I believe passionately that the UK should remain part of the EU. This is something I have fought for continuously since 23 June 2016. 75% of my constituents voted to remain a member of the EU and I will continue to do all within my power to stop Brexit. As such, I have been placing pressure on the Government to give the British public a say on the final Brexit deal. The people must be given a say over whether the UK leaves the EU. This has also involved placing pressure on my own party to lead these calls for a second referendum. I believe Parliament is at an impasse and the only way to break the gridlock is to give the British public a say on the final Brexit deal. I will continue to do all within my power to stop Brexit and, in doing so, protect us from the disastrous consequences of leaving the EU. I have attended many rallies and marches, with some estimates reaching 1 million people in attendance. The following excerpt is from my contribution to the European (Withdrawal) Act Debate in December:
The Brexiteer promise to take back control in 2016 was nothing more than a deluded fantasy. It was a lie that divided friends and families, pandered to racism and xenophobia and caused an extra 638 hate crimes per month. What does it say about the United Kingdom when the UN sends rapporteurs to warn us of increased racism in our country? What does it say about Britain when our politicians play on the fear of migrants, races and religions to win votes? What did it say when Nigel Farage stood in front of a Nazi-inspired poster of refugees with the caption, “Breaking point”? The founder of the Labour party, Keir Hardie, spoke of socialism’s “promise of freedom”, its “larger hope for humanity” and of “binding the races of the earth into one all-embracing brotherhood”. I honestly ask my good friends in the party who are still wavering: can you really vote for this politics of division and hate? Can you really vote to slash workers’ rights and protections? Can you vote to give tax avoiders a sanctuary? Can you vote to hand over more power to the clumsy hand of the market?

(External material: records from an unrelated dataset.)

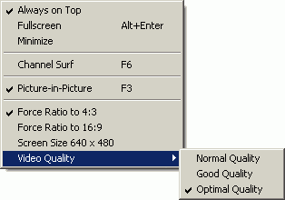 Впрочем, желающие могут ее отключить в меню, вызываемом по правой кнопке мыши. Там же находятся и настройки качества изображения, полностью аналогичные таковым для функции Time-Shifting.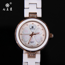 七王星品牌时尚心形女士石英表陶瓷表带腕表情侣镶钻女学生手表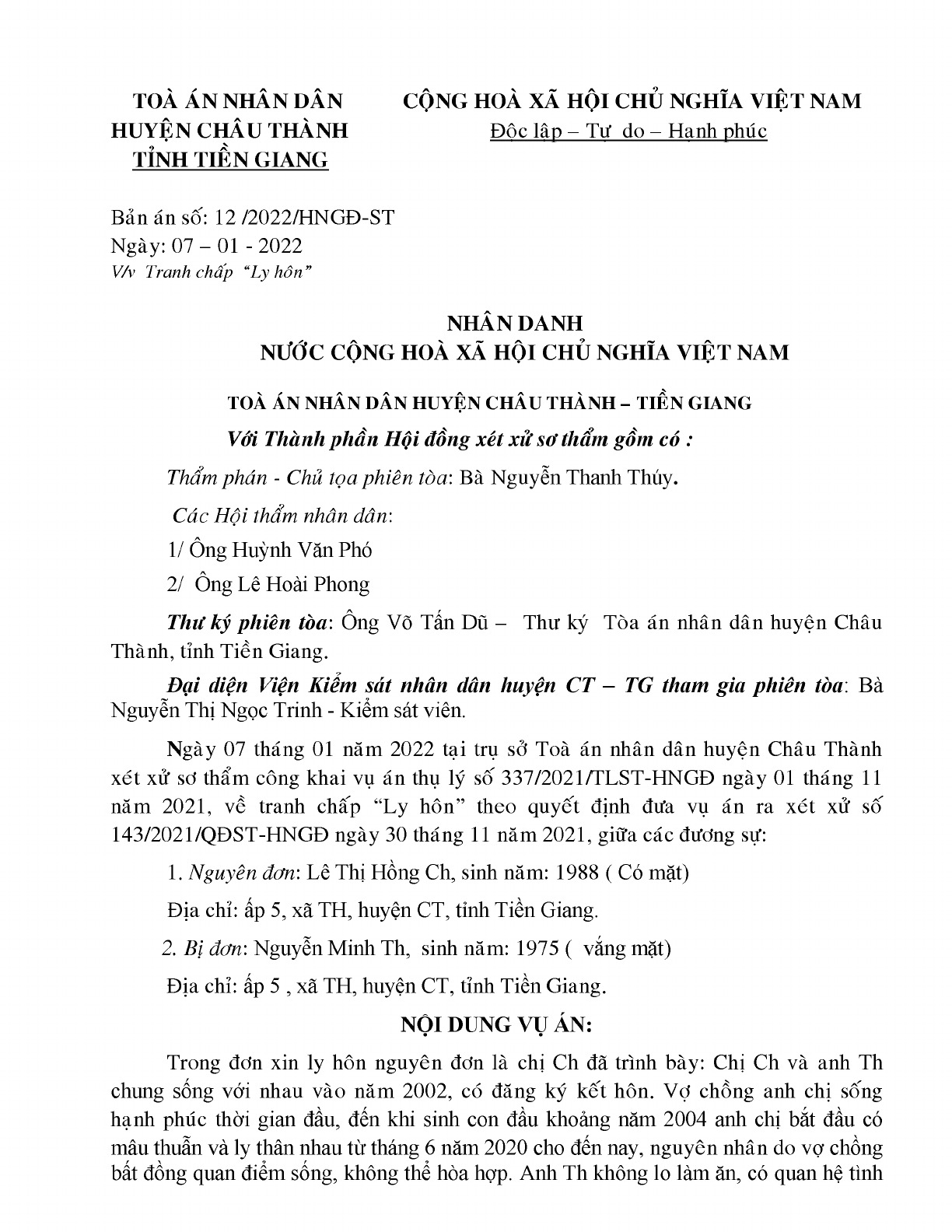 Bản án số 12/2022/HNGĐ-ST ngày 07/01/2022 của TAND huyện Châu Thành, tỉnh Tiền Giang về tranh chấp ly hôn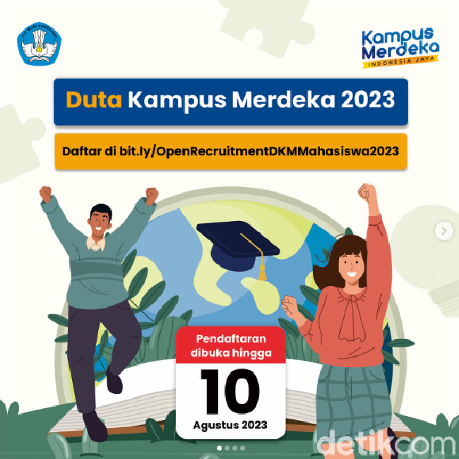 "Ada kabar gembira nih! Telah dibuka pendaftaran bagi Sobat Merdeka yang tertarik menjadi Duta Kampus Merdeka Mahasiswa 2023. Jika dirasa memenuhi kriteria, yuk segera daftarkan dirimu, dan jadilah bagian dari Duta Kampus Merdeka 2023!" tulis Instagram @kampusmerdeka.ri dalam unggahannya, dikutip Senin (7/8/2023).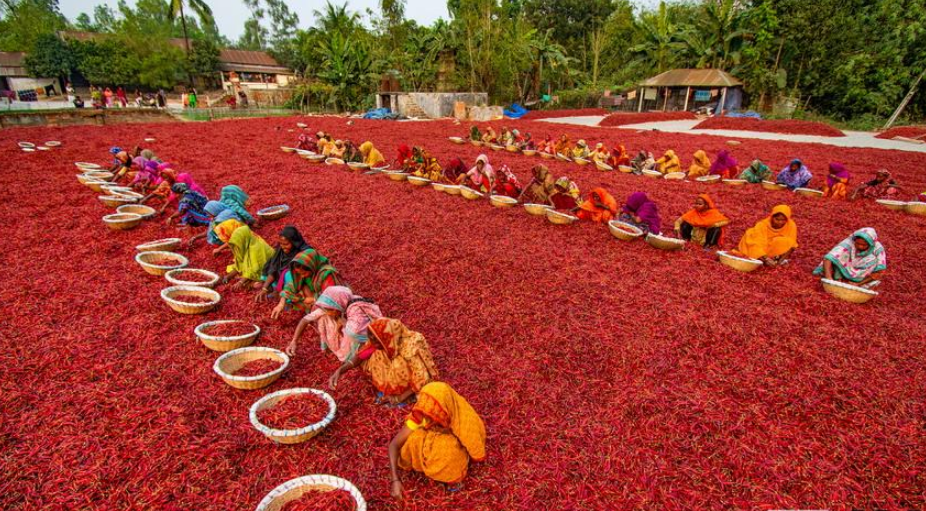 航拍孟加拉國工人分揀辣椒 滿眼火紅大地如鋪上地毯

What I am about to say is not fashionable, but our country’s story of renewal through Europe is one of immigration. We grew as a nation because of free movement. European migrants are not “citizens of nowhere” or “queue jumpers” as the Prime Minister would have us believe. Young, energetic, diverse and willing to pay taxes, EU citizens have given so much. They have done the jobs that our own would not do. Around 3.8 million now live in Britain. Over their lifetimes, they will pay in £78,000 more than they take out.
The contribution of European migrants has not been just financial. Our culture, our art, our music and our food has been permanently improved. The Prime Minister’s deal has emerged as a Frankenstein’s monster—an ugly beast that no one voted for or wanted. To appease hardliners, the transition period can be extended to 2022 at most. That has eradicated our leverage—it is simply not enough time to negotiate a free trade deal. We are now on course for another cliff edge. The deal does not take back control; it gives it away. It surrenders our voting rights on the European Council, the European Commission and the European Parliament for nothing in return. I cannot vote for any form of Brexit because every form of Brexit is worse for my constituents.
Brexit is a historic mistake. It forgets the lessons of Britain’s past. It forgets the value of immigrants. It forgets that we cannot build a new empire by force. It forgets that in the modern world our nation will flourish not through isolation, but through connection, co-operation and a new vision for the common good. Brexit forgets why this continent came together after two bloody wars.This country is crying out for a second chance. Seven hundred thousand people marched on the streets of London. Millions more campaigned online and wrote to their MPs. They are asking for one thing: an opportunity to right the wrong of 2016 and another shot at the imperfect but audacious European dream. As John of Gaunt says in Shakespeare’s “Richard II”:
“That England, that was wont to conquer others hath made a shameful conquest of itself”
I have written many articles calling for Labour to back a second referendum over recent months. One was entitled Why Labour must lead calls for a people’s vote on Brexit. This stressed that the Labour Party has a duty to oppose the government’s plans to end the UK’s membership of the European Union. I called on the party to present the public with a vote on the final Brexit deal, which must include an option to remain. Another was entitled Dire warnings of civil unrest shouldn’t stop us challenging Brexit. I argued that the threat of anger is vastly outweighed by the dire consequences of a no-deal Brexit; we must stand up to the radical right rather than pander to them.
I also attended the APPG for Reuniting Britain post-Brexit. This brought together members across parties to discuss the importance of bringing the country together and healing the divides that came to the surface during the Brexit referendum. We discussed the impact of austerity, the decline of the manufacturing sector and the increasing educational divide. Looking forward, we must build an anti-austerity platform on which to fight disenfranchisement, neutralize the regional divide and mobilise young people. This is also something I spoke about for Labour List, in an article entitled “Labour Together: Belonging.”